Could you reproduce the entries exactly, omitting every picture?

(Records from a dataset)
• • • • • • •

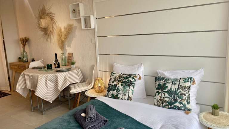 Das Studio Blue Horizon vue mer bietet Übernachtungsmöglichkeiten mit Meerblick sowie Zugang zu einer Terrasse und einem Balkon. Es handelt sich um eine Ferienwohnung mit einem saisonalen Außenpool und kostenlosem Privatparkplatz.
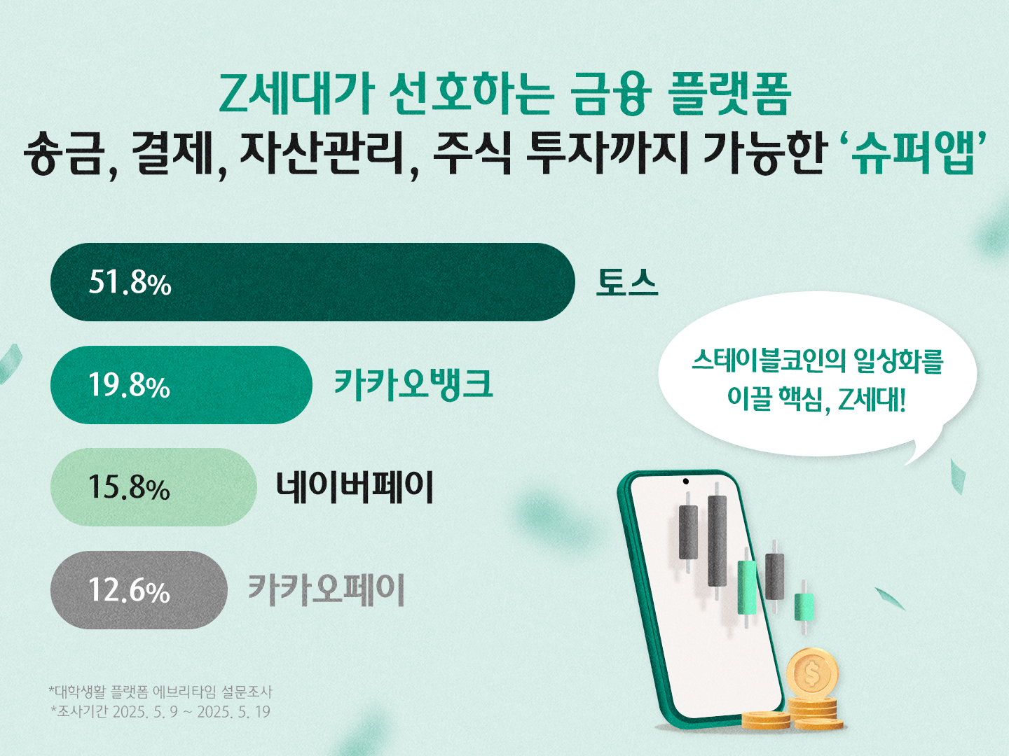 하지만 스테이블코인의 일상화를 이끌 핵심은 Z세대라는 의견이 많이 나와요. 올해 대학 생활 플랫폼 에브리타임이 실시한 조사에서 토스, 카카오뱅크, 네이버페이가 가장 쓰기 좋은 금융 플랫폼으로 이름을 올렸는데요. 앱 하나로 송금, 결제, 자산관리, 주식 투자까지 전부 가능하다는 ‘슈퍼앱’이라는 게 특징이에요.
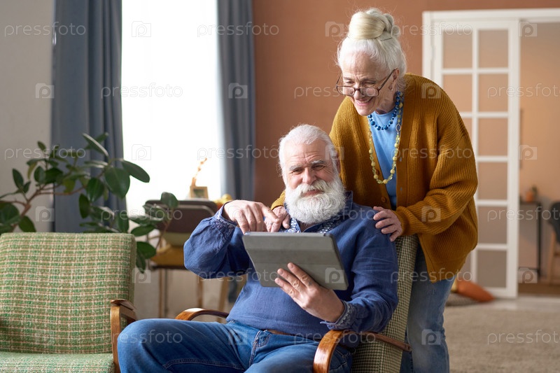 Дедушка и бабушка проводят видеозвонки на планшетном компьютере
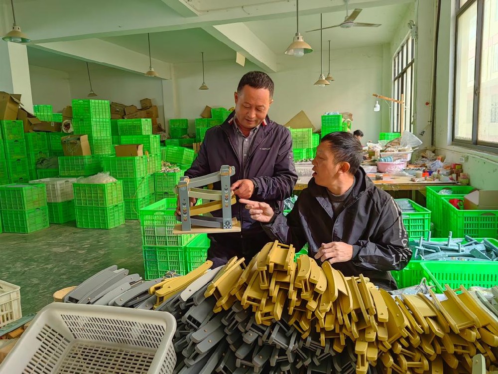 在自己创办的工厂里,李金龙(左一)指导员工包装玩具。(受访者供图)
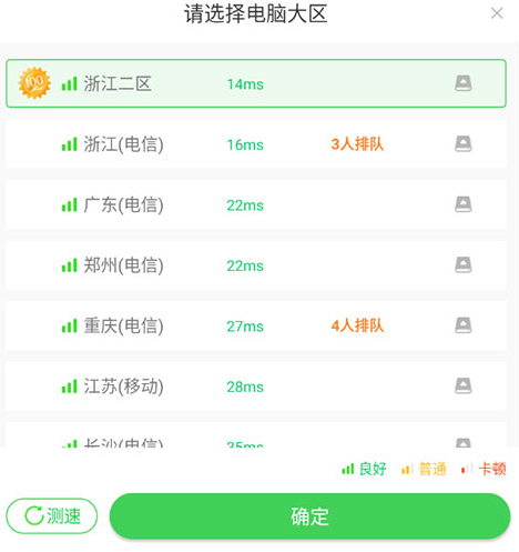 选择一个区域,点击确定按钮启动游戏,连接至弘电脑的云电脑桌面。
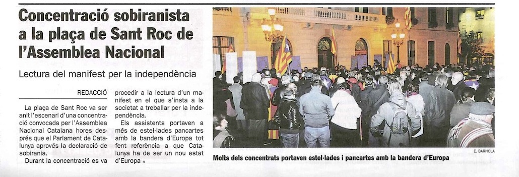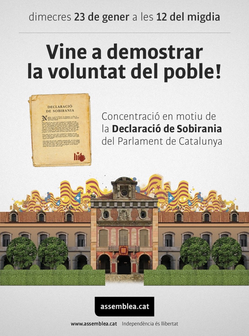 Quan a la Declaració de Sobirania del Poble de Catalunya feta el dia abans al Parlament de Catalunya, el President Pujol la veu com un fet de gran importància històrica i prudència a la vegada sense excloure una certa preocupació. Reclama “el pal de paller” que lideri el procés per assolir una unitat política i social prou gran en la que s’impliqui tothom i el missatge arribi a tots els barris i ciutadans del país per difícil que sigui. Ara bé, creu que el pas pel congost no l’han de dirigir esverats ni inexperts per les complicacions, trampes i paranys que s’hi troben; els experts sabran detectar les trampes posades i trampejar les dificultats.
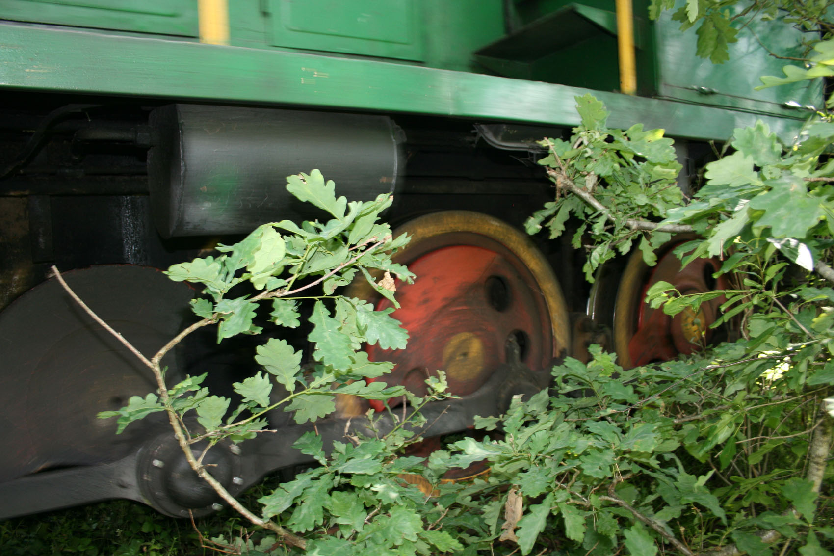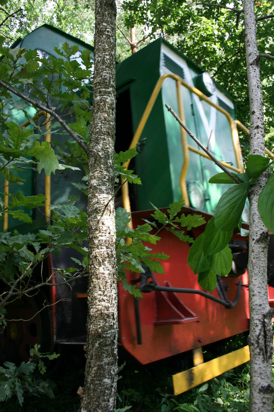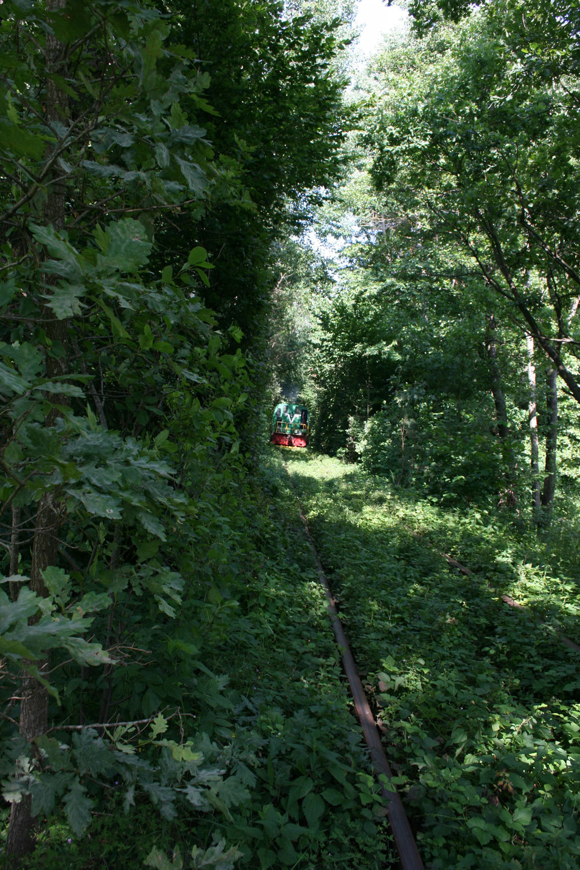 От самой станции в Оржевский ДОК протянута однопутная ветка через лес и болото, местами концы шпал почти нависают над комариным заповедником, это важно, поймете почему. Ну, пошел я весь такой из себя в белых джинсах, ведь в "Тоннель любви" иду, а не в мазутные бурьяны! Это я так первые метров триста думал... Собственно, тоннель образовался в результате "прочухивания" габарита составом, изредка курсирующим между станцией и ДОКом, в некоторых местах он напоминал мне габаритные схемы в книге. Ходит состав нечасто, увидеть его большая удача, как мне казалось. Шел я, щелкал фотоаппаратом, так как каждый десяток метров неповторим и все казалось, что вот там, дальше, будет вообще потрясающий вид. Пройдя таким образом около двух километров по грязным, залитым мазутом, междушпальным бурьянам, я попал в место, заключенное с обеих сторон в заболоченный питомник голодных комарищ. Вскоре на оборону от кровососов уходило времени больше, чем на прогулку и фотографирование. Белые некогда джинсы превратились в нечто жуткое, про обувь вообще молчу. И о, чудо - в тоннеле зазеленел тепловозик! Обрадовавшись выпавшей удаче, я быстро пришел в себя - справа и слева было не более полуметра, а состав надвигался... Пришлось срочно фиксироваться за какую-то березку, положение было такое шаткое, что сбоку получились крайне неудачные кадры. Проехав мимо, тепловозик и пара вагонов... внезапно остановились и простояли целую вечность! Комаров помните? Я тоже. Это повторилось раза четыре, идти до ДОКа как-то уже перехотелось, пора было на электричку, а путь был отрезан. Залезть на вагон было не вариант, так как стоя на лестнице, нужно было держаться, одна рука была занята вещами и фотоаппаратом, другая - веткой для отмахивания от комаров, третья еще не выросла. Вот так с остановками мы и двигались в направлении станции, зачем они были нужны в безлюдной болотистой местности - "тайна сия велика есть".
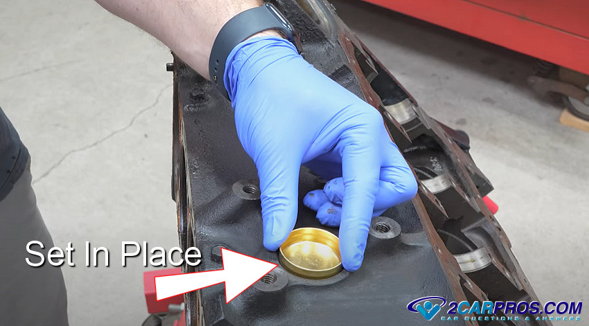 6. Set in Place: We prefer to apply a thin layer of RTV silicone to the edges of the plug for added sealing which is applied before installation. Remove the freeze plug from the freezer and push it into place, it should stay.
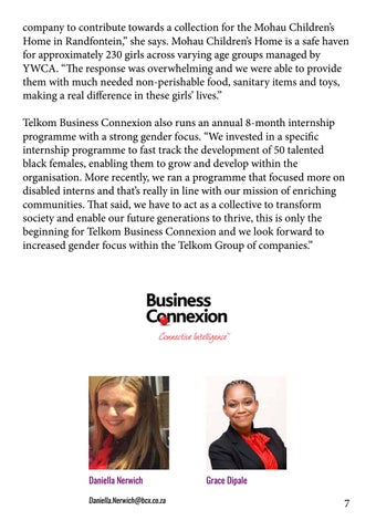 company to contribute towards a collection for the Mohau Children’s Home in Randfontein,” she says. Mohau Children’s Home is a safe haven for approximately 230 girls across varying age groups managed by YWCA. “The response was overwhelming and we were able to provide them with much needed non-perishable food, sanitary items and toys, making a real difference in these girls’ lives.” Telkom Business Connexion also runs an annual 8-month internship programme with a strong gender focus. “We invested in a specific internship programme to fast track the development of 50 talented black females, enabling them to grow and develop within the organisation. More recently, we ran a programme that focused more on disabled interns and that’s really in line with our mission of enriching communities. That said, we have to act as a collective to transform society and enable our future generations to thrive, this is only the beginning for Telkom Business Connexion and we look forward to increased gender focus within the Telkom Group of companies.”
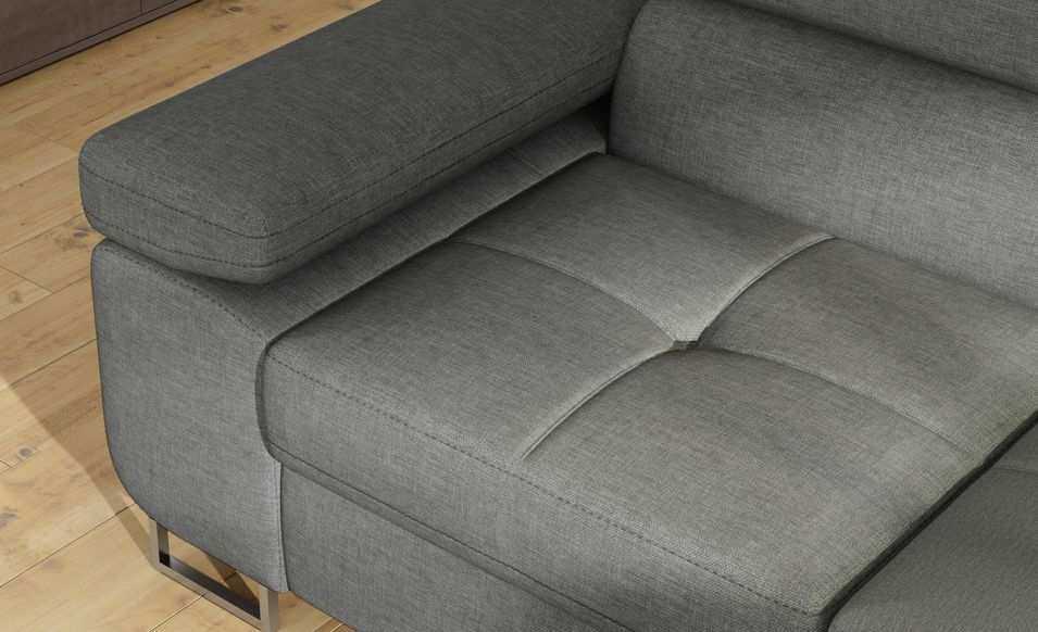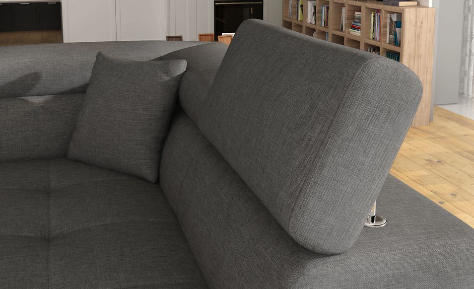 Canapé d'angle convertible tissu MARKA - Coffre et appuis-tête réglables
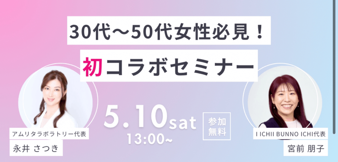 アムリタラボラトリー代表合同会社(東京都中央区)永井さつきは、5月10日(土)、神保町のフェムケアショップ「ICHI BUNNO ICHI」にて、コラボイベントを開催致します。
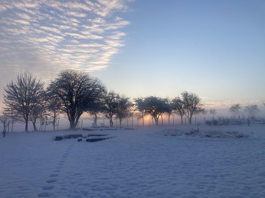 Zimní atmosféra na zahradě s ohništěm a jezírkem.
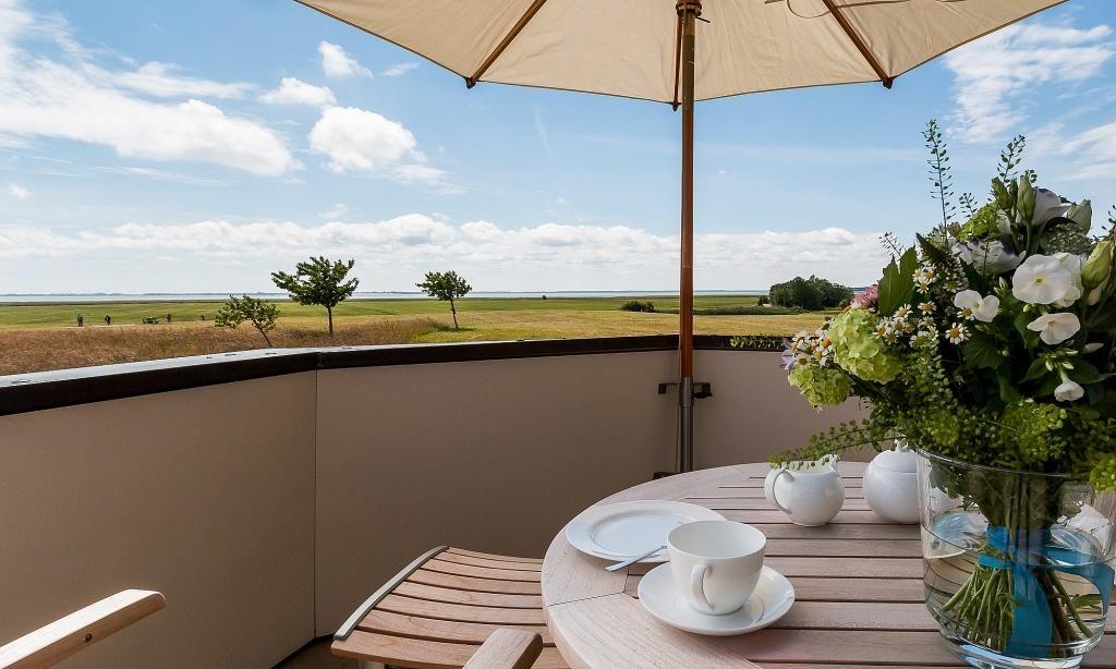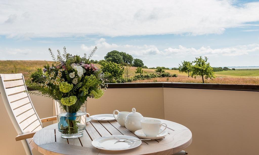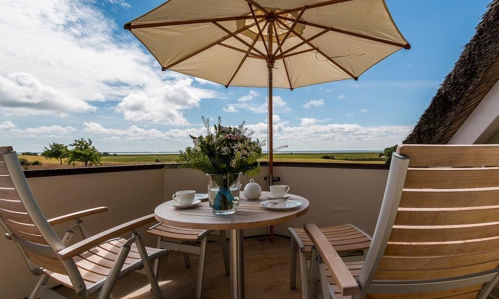 Vom Wohnbereich aus gelangst du direkt auf den Balkon, der dir einen traumhaftem Panoramablick über die weiten Boddenwiesen bis hin zum Bodden bietet. Diese Aussicht gehört zweifelsohne zu den schönsten, die Ahrenshoop zu bieten hat. Zur Ferienwohnung gehört ein PKW-Stellplatz.
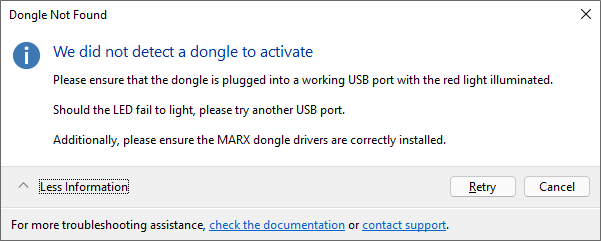 Additionally, please ensure the MARX dongle drivers are correctly installed. Note: You may need to install the latest drivers – Click here to download.

• • • • • • •

### Answer area
 Das Studio Blue Horizon vue mer bietet Übernachtungsmöglichkeiten mit Meerblick sowie Zugang zu einer Terrasse und einem Balkon. Es handelt sich um eine Ferienwohnung mit einem saisonalen Außenpool und kostenlosem Privatparkplatz.
 하지만 스테이블코인의 일상화를 이끌 핵심은 Z세대라는 의견이 많이 나와요. 올해 대학 생활 플랫폼 에브리타임이 실시한 조사에서 토스, 카카오뱅크, 네이버페이가 가장 쓰기 좋은 금융 플랫폼으로 이름을 올렸는데요. 앱 하나로 송금, 결제, 자산관리, 주식 투자까지 전부 가능하다는 ‘슈퍼앱’이라는 게 특징이에요.
 Дедушка и бабушка проводят видеозвонки на планшетном компьютере
 在自己创办的工厂里,李金龙(左一)指导员工包装玩具。(受访者供图)
 选择一个区域,点击确定按钮启动游戏,连接至弘电脑的云电脑桌面。
 Quan a la Declaració de Sobirania del Poble de Catalunya feta el dia abans al Parlament de Catalunya, el President Pujol la veu com un fet de gran importància històrica i prudència a la vegada sense excloure una certa preocupació. Reclama “el pal de paller” que lideri el procés per assolir una unitat política i social prou gran en la que s’impliqui tothom i el missatge arribi a tots els barris i ciutadans del país per difícil que sigui. Ara bé, creu que el pas pel congost no l’han de dirigir esverats ni inexperts per les complicacions, trampes i paranys que s’hi troben; els experts sabran detectar les trampes posades i trampejar les dificultats.
 От самой станции в Оржевский ДОК протянута однопутная ветка через лес и болото, местами концы шпал почти нависают над комариным заповедником, это важно, поймете почему. Ну, пошел я весь такой из себя в белых джинсах, ведь в "Тоннель любви" иду, а не в мазутные бурьяны! Это я так первые метров триста думал... Собственно, тоннель образовался в результате "прочухивания" габарита составом, изредка курсирующим между станцией и ДОКом, в некоторых местах он напоминал мне габаритные схемы в книге. Ходит состав нечасто, увидеть его большая удача, как мне казалось. Шел я, щелкал фотоаппаратом, так как каждый десяток метров неповторим и все казалось, что вот там, дальше, будет вообще потрясающий вид. Пройдя таким образом около двух километров по грязным, залитым мазутом, междушпальным бурьянам, я попал в место, заключенное с обеих сторон в заболоченный питомник голодных комарищ. Вскоре на оборону от кровососов уходило времени больше, чем на прогулку и фотографирование. Белые некогда джинсы превратились в нечто жуткое, про обувь вообще молчу. И о, чудо - в тоннеле зазеленел тепловозик! Обрадовавшись выпавшей удаче, я быстро пришел в себя - справа и слева было не более полуметра, а состав надвигался... Пришлось срочно фиксироваться за какую-то березку, положение было такое шаткое, что сбоку получились крайне неудачные кадры. Проехав мимо, тепловозик и пара вагонов... внезапно остановились и простояли целую вечность! Комаров помните? Я тоже. Это повторилось раза четыре, идти до ДОКа как-то уже перехотелось, пора было на электричку, а путь был отрезан. Залезть на вагон было не вариант, так как стоя на лестнице, нужно было держаться, одна рука была занята вещами и фотоаппаратом, другая - веткой для отмахивания от комаров, третья еще не выросла. Вот так с остановками мы и двигались в направлении станции, зачем они были нужны в безлюдной болотистой местности - "тайна сия велика есть".
 6. Set in Place: We prefer to apply a thin layer of RTV silicone to the edges of the plug for added sealing which is applied before installation. Remove the freeze plug from the freezer and push it into place, it should stay.
 company to contribute towards a collection for the Mohau Children’s Home in Randfontein,” she says. Mohau Children’s Home is a safe haven for approximately 230 girls across varying age groups managed by YWCA. “The response was overwhelming and we were able to provide them with much needed non-perishable food, sanitary items and toys, making a real difference in these girls’ lives.” Telkom Business Connexion also runs an annual 8-month internship programme with a strong gender focus. “We invested in a specific internship programme to fast track the development of 50 talented black females, enabling them to grow and develop within the organisation. More recently, we ran a programme that focused more on disabled interns and that’s really in line with our mission of enriching communities. That said, we have to act as a collective to transform society and enable our future generations to thrive, this is only the beginning for Telkom Business Connexion and we look forward to increased gender focus within the Telkom Group of companies.”
 Canapé d'angle convertible tissu MARKA - Coffre et appuis-tête réglables
 アムリタラボラトリー代表合同会社(東京都中央区)永井さつきは、5月10日(土)、神保町のフェムケアショップ「ICHI BUNNO ICHI」にて、コラボイベントを開催致します。
 Zimní atmosféra na zahradě s ohništěm a jezírkem.
 Vom Wohnbereich aus gelangst du direkt auf den Balkon, der dir einen traumhaftem Panoramablick über die weiten Boddenwiesen bis hin zum Bodden bietet. Diese Aussicht gehört zweifelsohne zu den schönsten, die Ahrenshoop zu bieten hat. Zur Ferienwohnung gehört ein PKW-Stellplatz.
 Additionally, please ensure the MARX dongle drivers are correctly installed. Note: You may need to install the latest drivers – Click here to download.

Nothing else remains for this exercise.